Las Farc contra el pueblo
Insisten las Farc en granjearse más odio de los colombianos, y arriesgan quemar la paz en la puerta del horno. Azotan insolentes a la población civil, precisamente cuando las partes se allanan en La Habana a la decisión trascendental de convocar una comisión de la verdad. Comisión que dará voz a las víctimas, auscultará las entretelas del conflicto e identificará a sus responsables de todos los bandos. Cuando el propio Pastor Alape anunciaba disposición del grupo armado a aceptar alguna forma de reclusión si también la contraparte lo hacía. Cuando arrancaba el desminado a dos manos con el Ejército, desempolva esa guerrilla su recurso al asesinato, al sabotaje y el terror contra la gente. Cree lograr así un cese unilateral del fuego. Pero se engaña. Dejar sin agua y sin energía a departamentos enteros; derramar crudo sobre sembradíos y fuentes de agua; rematar a tiros al patrullero David Marmolejo y al coronel Alfredo Ruíz, sublevan a la opinión, no sólo contra el cese bilateral sino, peor, contra una eventual refrendación de los acuerdos de paz.
Pero, además, la andanada de las Farc pela el cobre de una guerra librada menos entre combatientes que contra la ciudadanía. 80% de los casi 250.000 muertos habidos por el conflicto son civiles. Y las Farc se limitan ahora a retomar la dinámica de brutalidad contra la población como estrategia de guerra, que el paramilitarismo y miembros de la Fuerza Pública desplegaron también. Según el Centro de Memoria Histórica (CMH), muchos uniformados practicaron tortura, asesinato, desaparición forzada y uso excesivo de la fuerza. Los paramilitares se especializaron en masacres, asesinatos, desaparición forzada, sevicia, tortura y desplazamiento forzado masivo. Y las guerrillas abundaron en secuestro, asesinato y desplazamientos selectivos, pillaje, atentados terroristas, reclutamiento de menores y siembra masiva de minas antipersona.
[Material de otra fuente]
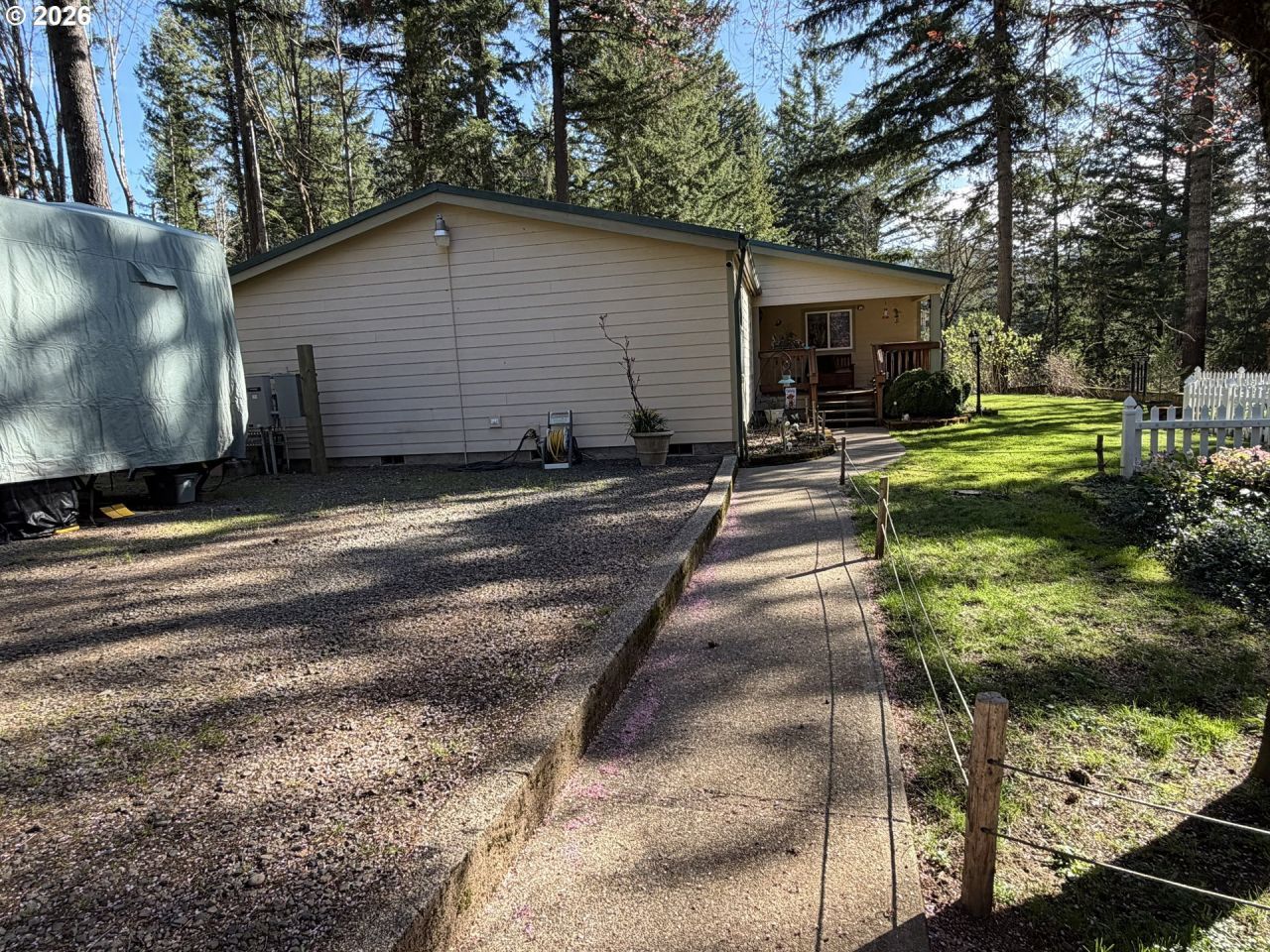 Nestled in the quaint, quiet, and wooded neighborhood of Eagle Rock-just across the street from the McKenzie River-this 2+ acre, clean and move-in ready gem won't last long. Tucked away on 2.03 private acres, this beautiful 4-bedroom, 2-bath home offers peaceful living with easy access to fishing, hiking, and rafting. The home features thoughtful updates throughout, including but not limited to newly painted and carpeted throughout the interior, a stylish kitchen with quartz countertops and stainless steel appliances. High ceilings and a cozy pellet stove create a warm and inviting living space. The spacious primary suite includes a private bathroom and walk-in closet. Built for both comfort and durability, the home includes a metal roof, fire-resistant fiber cement siding, Alpine windows with a lifetime warranty. Plus, a backup generator with a 5-year warranty, capable of powering the entire home when needed. The property also features a full RV hookup and benefits from minimal light pollution, offering exceptional stargazing in a truly balanced, serene environment. Outside, the property shines with mature landscaping, fruit trees, and a dedicated garden area, along with multiple outbuildings and an oversized garage/shop providing ample space for hobbies, storage, or projects. Two separate enclosed areas for the pups offer flexibility, or open one of the gates to create one larger enclosed space. Enjoy stunning views of Eagle Rock from this private and scenic retreat.

Farc y Eln cometieron el 90% de los 27.023 secuestros reportados por razón del conflicto en cuatro décadas. Y dominaron en muerte de civiles por acciones bélicas, cuando introdujeron el uso de cilindros-bomba. La masacre de Bojayá arrojó 79 víctimas que se refugiaban en una iglesia. Y una voladura de oleoducto en Machuca por el Eln incineró en un infierno a 73 personas. Las Farc se tomaron a la brava 417 poblaciones. El sabotaje a la infraestructura vial, eléctrica y petrolera ha sido práctica consuetudinaria de la insurgencia. Entre 1988 y 2012 hubo 95 atentados terroristas, 75 de ellos perpetrados por esas guerrillas.
Crímenes infames que han renacido, como renace a cada paso la hipocresía inmarcesible de los amigos de la guerra que ahora proponen, jubilosos, suspender el proceso de paz. ¿Para reanudarlo dentro de otros 200.000 muertos? ¿Siguen ellos echándole tierra a su obscena glorificación de un general por encubrir o ayudar a paramilitares que masacraban campesinos en Urabá y jugaban fútbol con la cabeza de sus víctimas?
Tarea primera de la ronda de conversaciones que se inicia mañana, conjurar esta insania de homicidio y terror. Fijar plazos para precisar términos de justicia transicional, para dejar las armas, para dar garantía de supervivencia física y política a los reinsertados. Para cesar fuegos. Y para echar a andar la Comisión de la Verdad, donde todos los agentes del horror deberán encarar crímenes como los enunciados aquí. Ya cuenta la Comisión con abundante caudal de información en nuestra historiografía reciente. Empezando por el sesudo informe del CMH, Basta Ya. Si las Farc ponen de nuevo a la población civil como blanco de su violencia, robustecerán al más implacable contradictor político de esta guerrilla una vez convertida en partido legal: el propio pueblo.